Brief: Copy, with no pictures, the line that contains "Y-kelin Tableta de" and each line after it down to the end of the entries below, exactly.

--

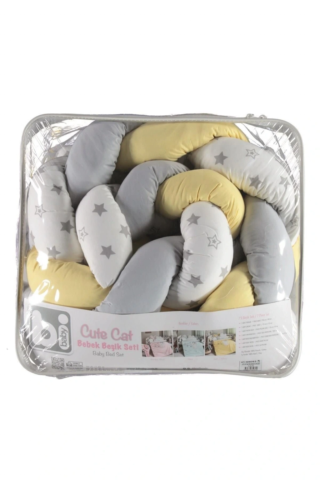 Paket içeriği: 1 adet yorgan 90*140 cm, 1 adet çarşaf 115*155 cm, 1 adet yastık kılıfı 35*45 cm, 1 adet yan koruyucu 200 cm, 1 adet bulut baş koruyucu 50*75 cm, 1 adet kalp yastık, 1 adet kedi yastık ; 7 parçadan oluşmaktadır. ; Bibaby ürünleri %100 pamuk kumaştan üretilmektedir. ; dış: %100 pamuk, iç: %100 elyaf ; Ürünlerin doğal ve yumuşak dokusu hem anneleri huzurlu hemde bebeklerin rahatını en üst seviyede tutar. ; Bibaby ürünleri bebeğinizin hassas cildini bozacak hiçbir kimyasal madde barındırmamaktadır. ; Bebeğinizin narin tenine uygundur. Bebeğinizin rahat hareket etmesini sağlar. ; Petrol içerikli kansorejen madde bulundurmaz ve dış kısmı pamuk iç kısmı ise elyaftır. ; Yıkama önerisi: ağartıcı kullanmadan 30 derece yıkayınız. ; Üretim yeri: türkiye ;
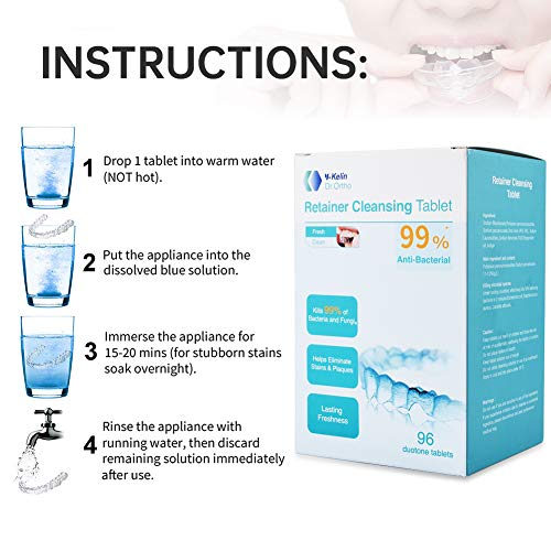 Y-kelin Tableta de limpieza de retenedor ortodóntico Tableta de 96 (96 pestañas)
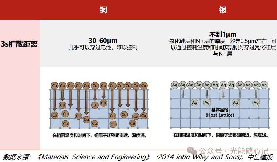 铜的易扩散性:烧结温度下,铜在硅中3秒可以扩散30-60μm(银不到1μm),而电池片厚度约130-150μm,因此铜扩散很难像银扩散一样通过工艺窗口进行控制(例如只烧穿氮化硅层与钝化层与P+层接触,但不能到达PN结),且铜在高温硅(600-800℃)中的溶解度极高,一旦接触到硅(Si)或二氧化硅(SiO2),铜原子会迅速扩散,冷却后又形成铜硅沉淀导致电池漏电或短路。
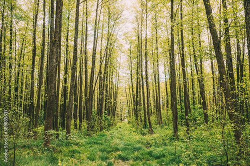 Obraz premium Fresh Spring Green Leaves Lush In Deciduous Forest. European Nature
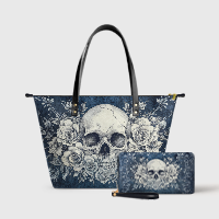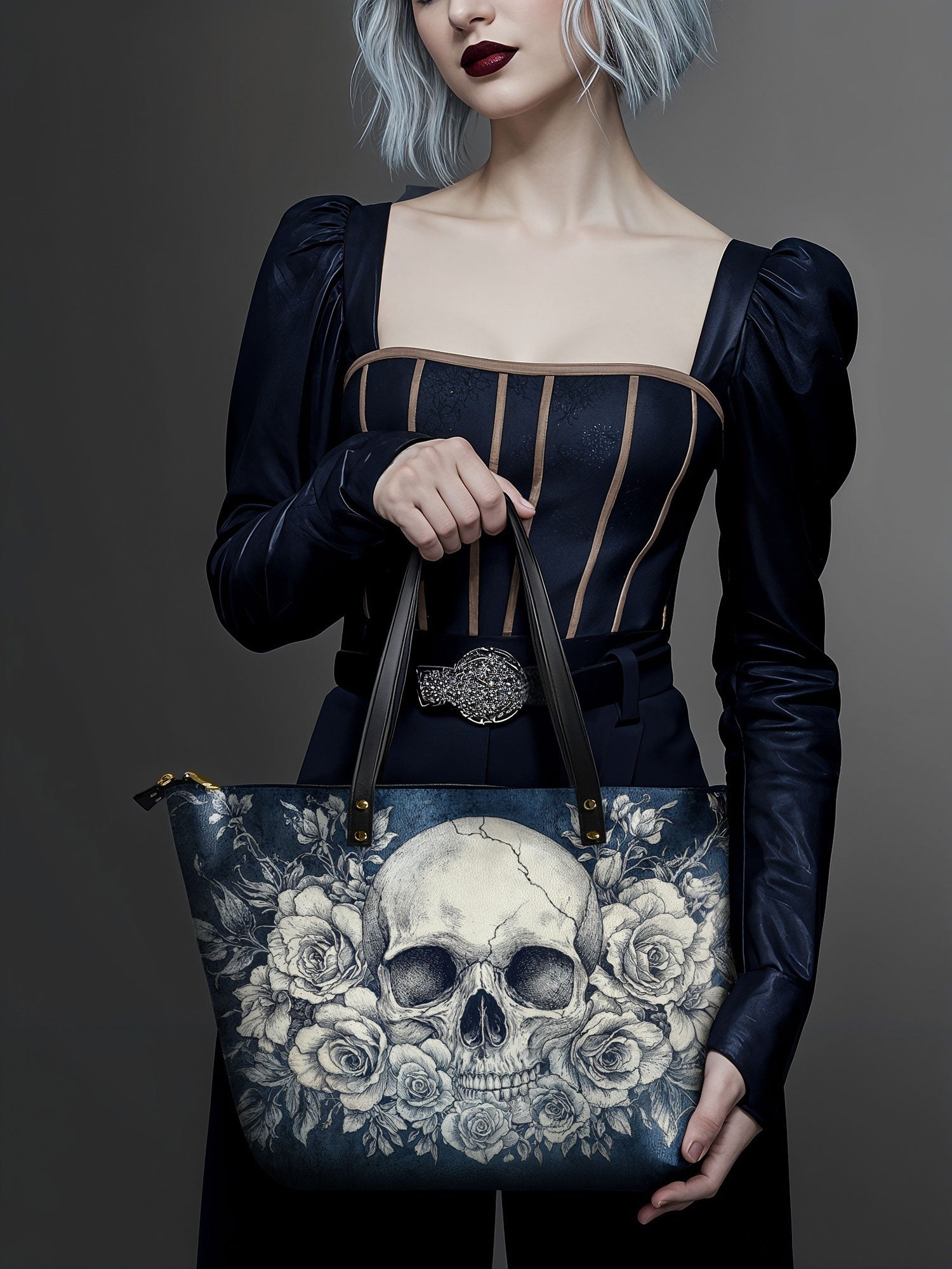 The "Frostmourne" leather tote brings serious chill with a soft blue backdrop and a haunting skull wrapped in white roses. It’s roomy, zips up smooth, and makes a quiet statement that speaks volumes.
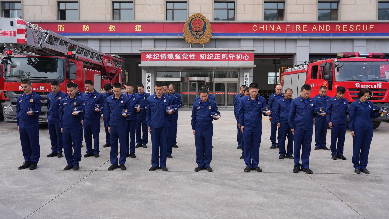 在县消防救援大队全体人员脱帽肃立,向革命先烈默哀致敬。消防指战员们深刻缅怀了英烈的不朽功绩,并誓言将继续发扬英烈精神,忠诚履职,保卫人民安全。
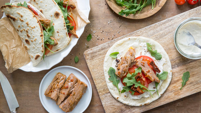 Tartinez de ricotta, salez, poivrez puis garnissez avec les filets de thon, la roquette, les tomates fraiches et séchées et le basilic et repliez en deux pour déguster.
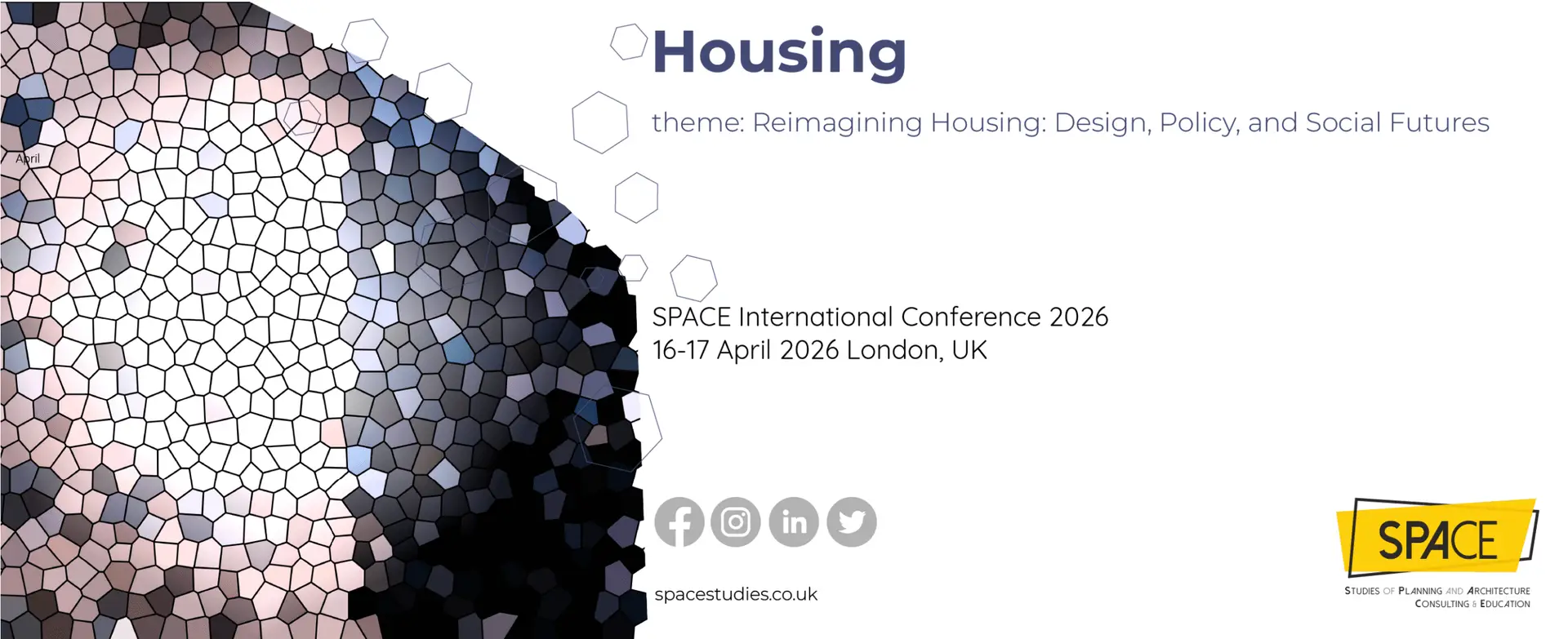 The SPACE International Conference 2026 on Housing will be held on 16–17 April 2026, in a hybrid format combining in-person participation in London and online attendance. The conference theme, “Reimagining Housing: Design, Policy, and Social Futures,” invites a critical and interdisciplinary examination of how housing shapes — and is shaped by — the complex relationships between design, governance, economy, and society.
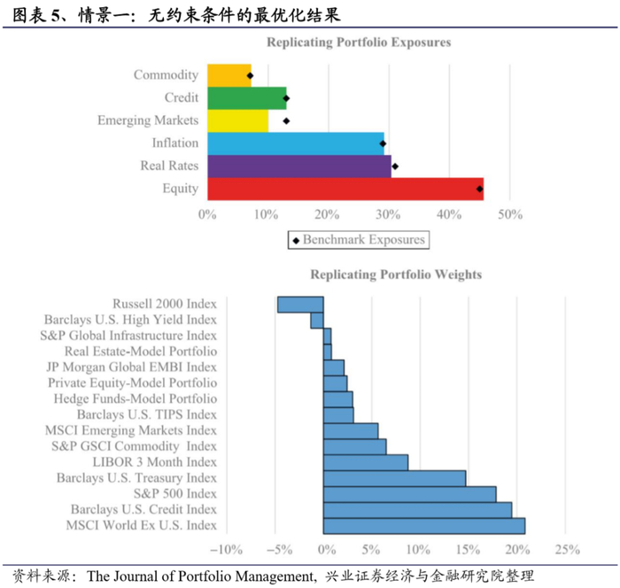 在这种情景下,我们只使用一个限制条件:将资产权重之和限制为100%。图表5显示了因子配置和复制投资组合(replicating portfolio)。复制投资组合的因子配置与我们的目标暴露紧密匹配。但是,复制投资组合含有大量的小额持股,这在经济上是没有意义的。此外,对罗素2000指数和巴克莱美国高收益指数(Barclays U.S. High Yield Indices)也有负的配置,但这部分由私人市场资产(如私募股权和房地产)抵消掉了。正如现在所观察到的,使用约束可以消除这些不良的性质。

--

Expected output:
 Y-kelin Tableta de limpieza de retenedor ortodóntico Tableta de 96 (96 pestañas)
 铜的易扩散性:烧结温度下,铜在硅中3秒可以扩散30-60μm(银不到1μm),而电池片厚度约130-150μm,因此铜扩散很难像银扩散一样通过工艺窗口进行控制(例如只烧穿氮化硅层与钝化层与P+层接触,但不能到达PN结),且铜在高温硅(600-800℃)中的溶解度极高,一旦接触到硅(Si)或二氧化硅(SiO2),铜原子会迅速扩散,冷却后又形成铜硅沉淀导致电池漏电或短路。
 Obraz premium Fresh Spring Green Leaves Lush In Deciduous Forest. European Nature
 The "Frostmourne" leather tote brings serious chill with a soft blue backdrop and a haunting skull wrapped in white roses. It’s roomy, zips up smooth, and makes a quiet statement that speaks volumes.
 在县消防救援大队全体人员脱帽肃立,向革命先烈默哀致敬。消防指战员们深刻缅怀了英烈的不朽功绩,并誓言将继续发扬英烈精神,忠诚履职,保卫人民安全。
 Tartinez de ricotta, salez, poivrez puis garnissez avec les filets de thon, la roquette, les tomates fraiches et séchées et le basilic et repliez en deux pour déguster.
 The SPACE International Conference 2026 on Housing will be held on 16–17 April 2026, in a hybrid format combining in-person participation in London and online attendance. The conference theme, “Reimagining Housing: Design, Policy, and Social Futures,” invites a critical and interdisciplinary examination of how housing shapes — and is shaped by — the complex relationships between design, governance, economy, and society.
 在这种情景下,我们只使用一个限制条件:将资产权重之和限制为100%。图表5显示了因子配置和复制投资组合(replicating portfolio)。复制投资组合的因子配置与我们的目标暴露紧密匹配。但是,复制投资组合含有大量的小额持股,这在经济上是没有意义的。此外,对罗素2000指数和巴克莱美国高收益指数(Barclays U.S. High Yield Indices)也有负的配置,但这部分由私人市场资产(如私募股权和房地产)抵消掉了。正如现在所观察到的,使用约束可以消除这些不良的性质。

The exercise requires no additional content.